INFORMATION SHOWN:
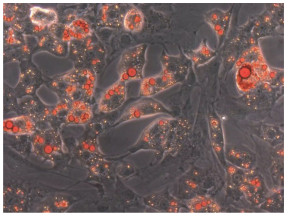 | 图 1 ADSCs成脂诱导后脂滴形成×400 Fig.1 Lipid induced lipid droplets formation in ADSCs ×400 |
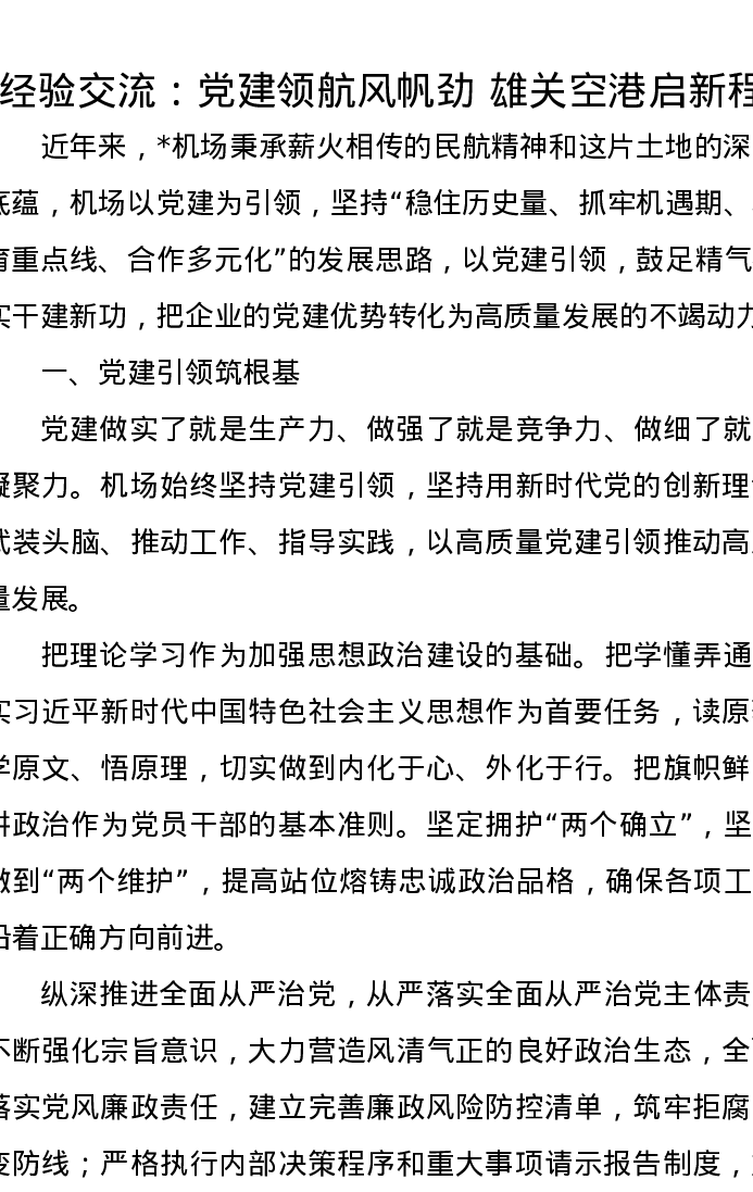 经验交流:党建领航风帆劲雄关空港启新程
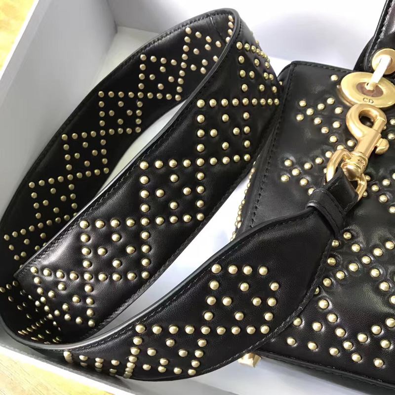 - M0579 Dior迪奥 LADY DIOR黑色小牛皮柔软手提包 饰钉手提单肩包
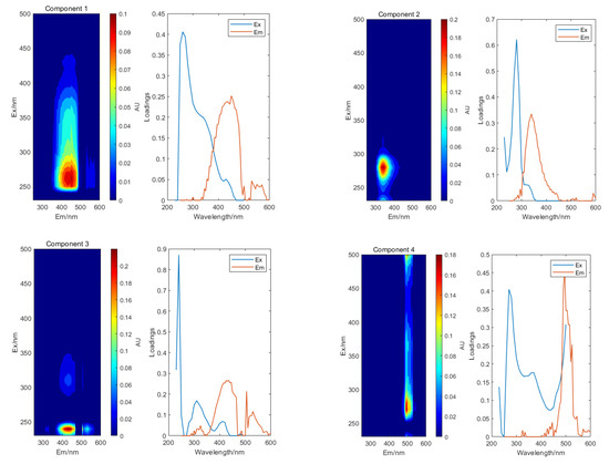 Figure 2 illustrates the fluorescence spectra of the DOM components. Four individual components were identified by a PARAFAC analysis from natural soil-derived DOM. The sum of squared residuals and split half validation of PARAFAC can be found in Figures S1 and S2. OpenFluor, an online spectral library of autofluorescence in organic compounds, provides us with a method to characterize naturally occurring organic matter [45]. Component 1 (Ex/Em maxima: <260(320)/450 nm) and component 3 (Ex/Em maxima: 240(310)/430 nm) are usually described as humic-like components of terrestrial origin [46,47,48], while component 2 (Ex/Em maxima: <280/330 nm) resembles free and bound protein-like components [49]. The fluorophore of C2 exhibited EEM peaks resembling those of tyrosine-like components [17]. Component 4 (Ex/Em maxima: 260(360)/490 nm) has been reported to be a reduced quinone-like component and has been identified in DOM from a wide variety of aquatic systems [35,50]. Component 4 has also been found in many DOM samples from plant biomass and animal manure [51].

BRIEF: The answer is every line of the data, exactly as written, with the pictures dropped.

TASK RESPONSE:
 | 图 1 ADSCs成脂诱导后脂滴形成×400 Fig.1 Lipid induced lipid droplets formation in ADSCs ×400 |
 经验交流:党建领航风帆劲雄关空港启新程
 - M0579 Dior迪奥 LADY DIOR黑色小牛皮柔软手提包 饰钉手提单肩包
 Figure 2 illustrates the fluorescence spectra of the DOM components. Four individual components were identified by a PARAFAC analysis from natural soil-derived DOM. The sum of squared residuals and split half validation of PARAFAC can be found in Figures S1 and S2. OpenFluor, an online spectral library of autofluorescence in organic compounds, provides us with a method to characterize naturally occurring organic matter [45]. Component 1 (Ex/Em maxima: <260(320)/450 nm) and component 3 (Ex/Em maxima: 240(310)/430 nm) are usually described as humic-like components of terrestrial origin [46,47,48], while component 2 (Ex/Em maxima: <280/330 nm) resembles free and bound protein-like components [49]. The fluorophore of C2 exhibited EEM peaks resembling those of tyrosine-like components [17]. Component 4 (Ex/Em maxima: 260(360)/490 nm) has been reported to be a reduced quinone-like component and has been identified in DOM from a wide variety of aquatic systems [35,50]. Component 4 has also been found in many DOM samples from plant biomass and animal manure [51].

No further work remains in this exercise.